9

I have a regex expression that I tested on http://gskinner.com/RegExr/ and it worked, but when I used it in my C# application it failed.

My regex expression: (?<!\d)\d{6}\K\d+(?=\d{4}(?!\d)) Text: 4000751111115425 Result: 111111

What is wrong with my regex expression?

RooiWillie
  • 2,198
  • 1
  • 30
  • 36
XandrUu
  • 1,169
  • 4
  • 26
  • 46
  • 3
    .NET's regular expression engine doesn't support `\K`. I believe the closest you can get is `(?<!\d)\d{6}(\d+)(?=\d{4}(?!\d))` and then look at `match.Groups[1].Value` rather than `match.Value`. (N.B. this would be an answer if a ♦ hadn't one-shot closed this question.) – Rawling Jan 07 '13 at 17:18
  • 3
    However I think you're overcomplicating things. `(?<=\d{6})\d+(?=\d{4})` should work as well because the `+` is greedy. – Rawling Jan 07 '13 at 20:33
  • \K is not supported by the .NET regex implementation: http://stackoverflow.com/q/13542950/736079 and this can indeed be solved by a look behind or by using a Capturing group. or – jessehouwing Jan 07 '13 at 20:58
  • 1
    @Rawling It appears you can post your answer as an answer now. – mickmackusa Nov 21 '17 at 02:30

2 Answers2

8

This issue you are having is that .NET regular expressions do not support \K, "discard what has been matched so far".

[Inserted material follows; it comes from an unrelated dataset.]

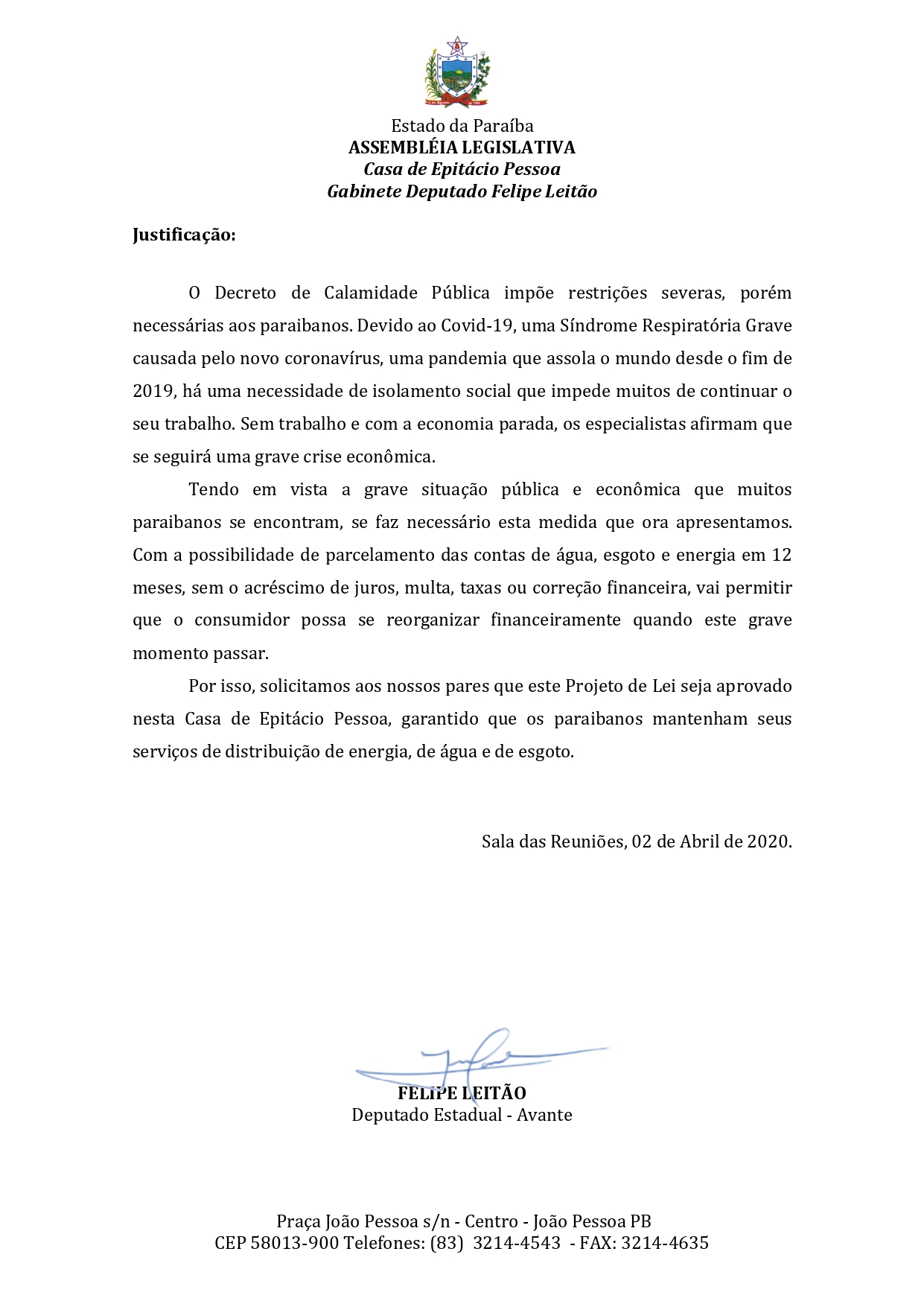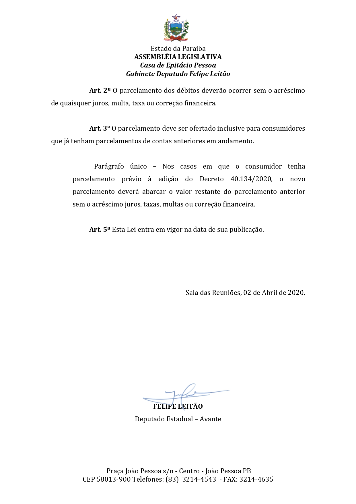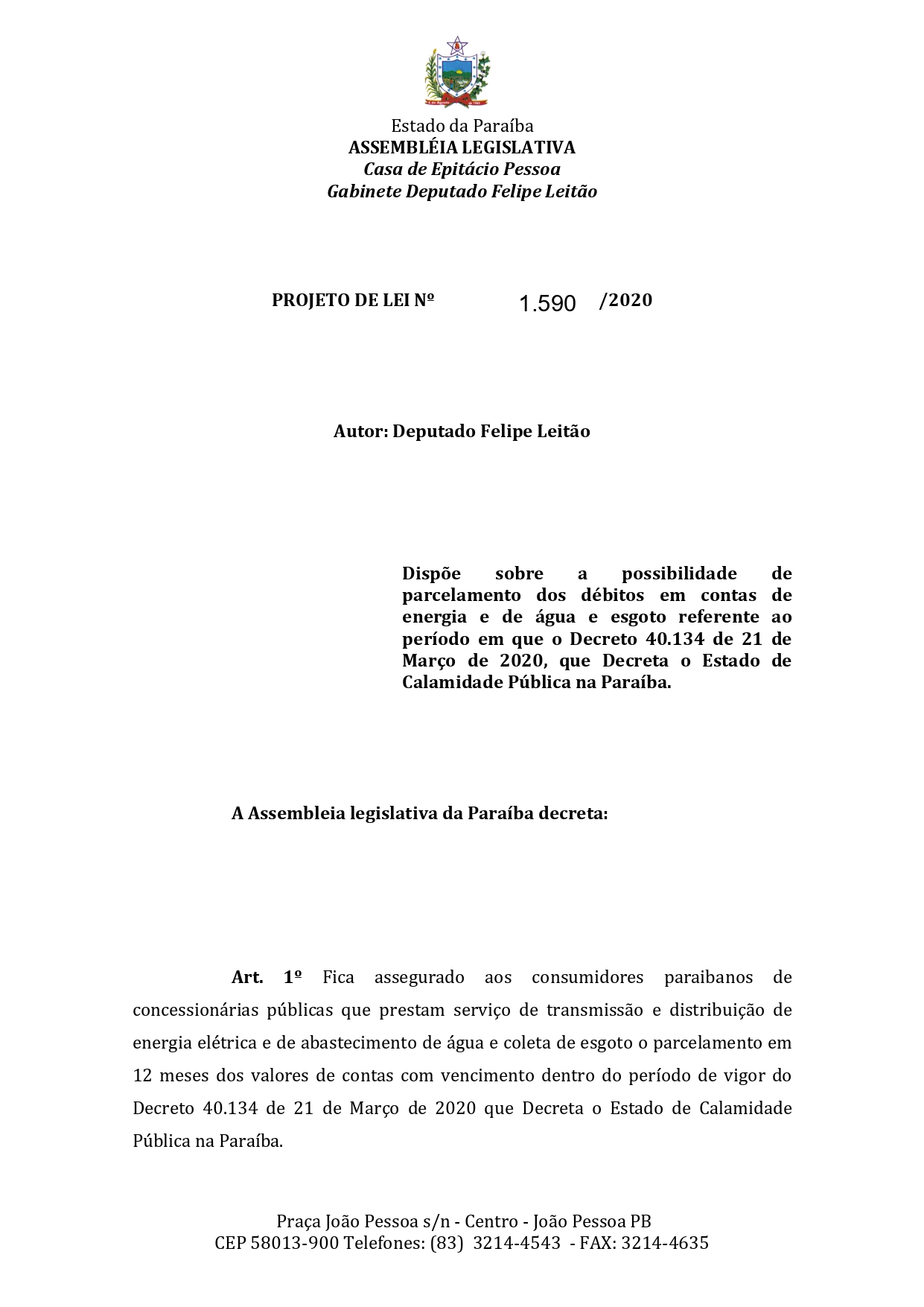 A Assembleia Legislativa da Paraíba (ALPB) aprovou, durante sessão remota nesta terça-feira (9), o Projeto de Lei 1.590/2020, de autoria do deputado Felipe Leitão (Avante), que prevê a possibilidade de parcelamento dos débitos em contas de energia, água e esgoto referente ao período em que vigorar o Decreto Estadual 40.134, de 21 de Março de 2020.

I believe your regex translates as "match any string of more than ten \d digits, to as many digits as possible, and discard the first 6 and the last 4".

I believe that the .NET-compliant regex

(?<=\d{6})\d+(?=\d{4})

achieves the same thing. Note that the negative lookahead/behind for no-more-\ds is not necessary as the \d+ is greedy - the engine already will try to match as many digits as possible.

Rawling
  • 49,248
  • 7
  • 89
  • 127
  • and what if I have this regex (will delete empty spaces from a tag) `\s\S*(?:

    |\G)(?:(?!

    ).)*?\s\K\s+|(?<=

    )\s+|\s+(?=

    )` ? What will be the \K alternative ?
    – Just Me Dec 02 '19 at 21:56
  • @JustMe I feel like you'd just put the bit before the `\K` into positive lookbehind, like the second alternate already uses (`(?<= ... )`) – Rawling Dec 03 '19 at 08:26
0

In general, \K operator (that discards all text matched so far from the match memory buffer) can be emulated with two techniques:

For example,

  • PCRE a+b+c+=\K\d+ (demo) = .NET (?<=a+b+c+=)\d+ or a+b+c+=(\d+) (and grab Group 1 value)
  • PCRE ^[^][]+\K.* (demo) = .NET (?<=^[^][]+)(?:\[.*)?$ (demo) or (better here) ^[^][]+(.*) (demo).

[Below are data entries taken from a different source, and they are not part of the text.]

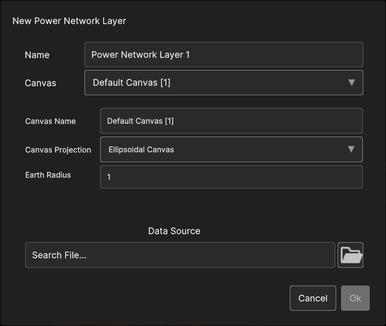 To add a power network layer, select “Power network” from the “Add Layer” menu. A popup like the one shown in Figure 4-45 is opened. To proceed the user must select a data source from the local file system. Once the data source it’s selected, the addition can be confirmed with the “Ok” button.
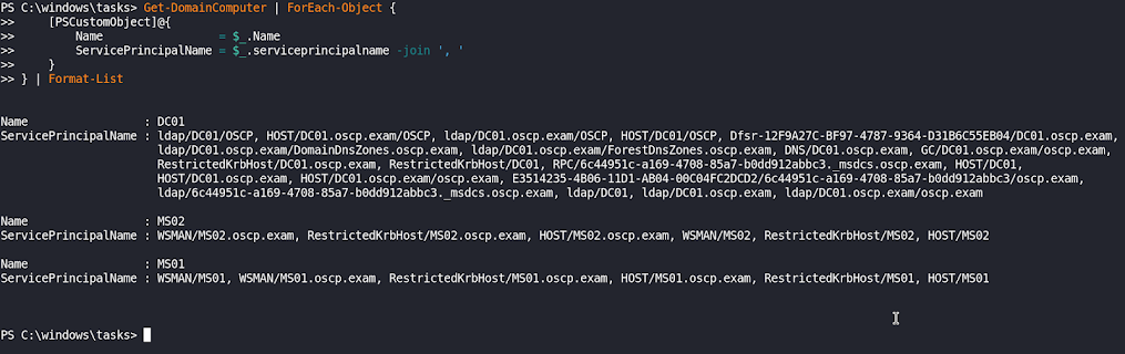 Get-DomainUser -LDAPFilter "Description=*built*" | Select name,DescriptionGet-DomainComputer
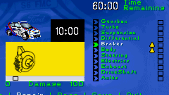 Colin McRae Rally 2.0 on the Game Boy Advance adapts the gameplay of the PC/console title to the handheld's capabilities. The game features five licensed cars (Ford Focus, Mitsubishi Lancer, Toyota Corolla, Subaru Impreza, Ford Puma) and tracks in six different countries (Finland, France, Sweden, Australia, Kenya, United Kingdom). The game's main rally mode takes the player through a championship, with each of the six countries' rally tracks consisting of six stages each. The game takes the simulation approach, with the player being able to adjust suspension, gearbox, steering, tyres and more to fit driving style and road conditions. Damage acquired during a race must be repaired between stages at the expense of time. Besides driving the full championship, it is also possible to practice single rallies and even single stages - a time trial mode for single stages is also available. Tracks not available to be selected from the beginning must be unlocked by winning the championship first. Besides rally mode, the game also offers arcade mode, which features six tracks for conventional circuit racing. The circuits can be driven as time trials, single races or a championship. This mode also supports multiplayer via the link cable, only requiring a single cartridge. During racing, the track is displayed via a Mode-7-style scaling/rotating bitmap engine, with the cars rendered as texture-mapped polygons. During rally races, the game features a co-driver calling out road features ahead via digitized speech, which is provided by Colin McRae's actual co-driver Nicky Grist.
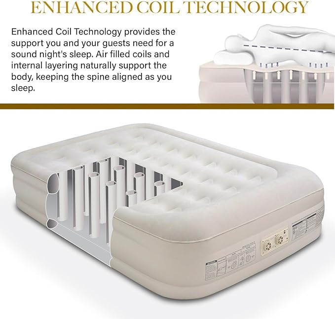 - Extra thick durable waterproof comfort quilt top with extra spinal support - firm mattress provides good sleeping posture - sueded top keeps bedding in place. The built-in pump features separate inflate and deflate knobs for simple and fast inflation.
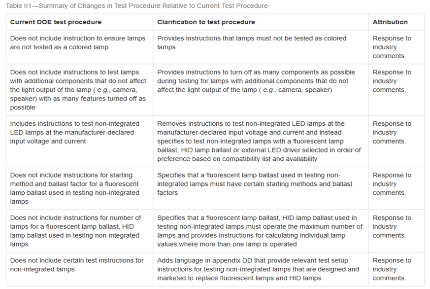 DOE至少每7年評估一次不同產(chǎn)品的測試程序,以確定修改后的測試程序是否更準(zhǔn)確的符合實際要求,在技術(shù)上是否可行、在經(jīng)濟(jì)上是否合理。在此次的《聯(lián)邦公報》最終規(guī)范中,針對通用照明燈泡(GSLs)測試程序,DOE 對Subpart B of Part 430中的appendix W, appendix BB和appendix DD測試方法提出最終說明。
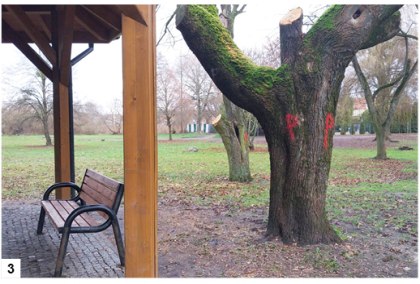 Smutki smutkami, wspomnienia wspomnieniami, ale wypada zakończyć wszystko na odpowiednim poziomie, czyli po prostu napisać coś zwyczajnego do „Kroniki”. A więc – do rzeczy. Na koniec trochę się powtórzymy (wcześniej czasem też to robiliśmy, przyznajemy) i dajemy dziennikarskie słowo, wrócimy po raz już naprawdę ostatni do tematu wycinek i przycinek. W Szczytnie i okolicy znakiem rozpoznawczym zapowiadanych (a niekiedy już przeprowadzonych prac) są różne symbole na drzewach. „X” oznacza dla drzewa koniec, „P” - tylko przycięcie tego i owego. Drzewo wtedy zostaje, ale wymalowana litera – również (fot. 3) . Jakoś nie widzimy potem prób wytarcia owego oznakowania, a przecież można by podejść do sprawy trochę subtelniej. Litery są przede wszystkim dość duże i trochę szpecą krajobraz. Gdy niedawno byliśmy w Ełku, widzieliśmy, że na drzewa przeznaczone do tego czy owego nałożono opaskę ze stosownym napisem (fot. 4) - i potem można to zdjąć. Chyba niegłupie i raczej budżetu nie rujnuje. To taka nasza ostatnia sugestia.

The problem with the second example is that [^][]+ can match the same text as .* (these patterns overlap) and since there is no clear boundary between the two patterns, just using a lookbehind is not actually working and needs additional tricks to make it work.

Capturing group approach is universal here and should work in all situations.

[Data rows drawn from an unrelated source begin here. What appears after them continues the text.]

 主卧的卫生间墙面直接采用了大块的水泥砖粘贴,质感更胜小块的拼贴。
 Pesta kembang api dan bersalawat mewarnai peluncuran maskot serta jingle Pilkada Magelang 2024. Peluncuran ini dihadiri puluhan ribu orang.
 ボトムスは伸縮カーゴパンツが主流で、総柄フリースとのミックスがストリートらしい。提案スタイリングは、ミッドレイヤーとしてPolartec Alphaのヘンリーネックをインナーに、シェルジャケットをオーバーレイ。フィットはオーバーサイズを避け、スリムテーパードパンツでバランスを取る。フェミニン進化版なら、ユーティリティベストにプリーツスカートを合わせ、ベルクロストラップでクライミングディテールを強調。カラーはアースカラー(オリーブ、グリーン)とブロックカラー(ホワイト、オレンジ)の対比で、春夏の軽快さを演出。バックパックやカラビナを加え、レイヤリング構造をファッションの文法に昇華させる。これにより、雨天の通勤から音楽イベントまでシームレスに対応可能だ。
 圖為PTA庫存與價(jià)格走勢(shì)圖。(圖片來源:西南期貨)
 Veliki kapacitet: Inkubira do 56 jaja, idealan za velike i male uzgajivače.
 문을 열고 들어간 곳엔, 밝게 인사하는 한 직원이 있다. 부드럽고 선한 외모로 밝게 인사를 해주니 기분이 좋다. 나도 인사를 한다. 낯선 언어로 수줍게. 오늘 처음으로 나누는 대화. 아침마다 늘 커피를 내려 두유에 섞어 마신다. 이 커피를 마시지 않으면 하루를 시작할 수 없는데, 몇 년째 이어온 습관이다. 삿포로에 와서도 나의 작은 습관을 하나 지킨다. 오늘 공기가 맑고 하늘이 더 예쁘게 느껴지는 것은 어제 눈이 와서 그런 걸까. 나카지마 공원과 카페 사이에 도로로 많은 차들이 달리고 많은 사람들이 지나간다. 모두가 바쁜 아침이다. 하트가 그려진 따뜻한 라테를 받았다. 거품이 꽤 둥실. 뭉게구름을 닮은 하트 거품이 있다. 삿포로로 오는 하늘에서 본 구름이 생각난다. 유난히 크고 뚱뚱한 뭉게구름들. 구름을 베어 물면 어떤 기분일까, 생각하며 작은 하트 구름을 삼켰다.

Since \K makes the regex engine "forget" the part of a match consumed so far, the best approach here is to use a capturing group to grab the part of a match you need to obtain after the left-hand context:

using System;
using System.Text.RegularExpressions;

public class Test
{
    public static void Main()
    {
        var text = "Text  4000751111115425";
        var result = Regex.Match(text, @"(?<!\d)\d{6}(\d+)(?=\d{4}(?!\d))")?.Groups[1].Value;
        Console.WriteLine($"Result: '{result}'");
    }
}

See the online C# demo and the regex demo (see Table tab for the proper result table). Details:

  • (?<!\d) - a left-hand digit boundary
  • \d{6} - six digits
  • (\d+) - Capturing group 1: one or more digits
  • (?=\d{4}(?!\d)) - a positive lookahead that matches a location that is immediately followed with four digits not immediately followed with another digit.
Wiktor Stribiżew
  • 607,720
  • 39
  • 448
  • 563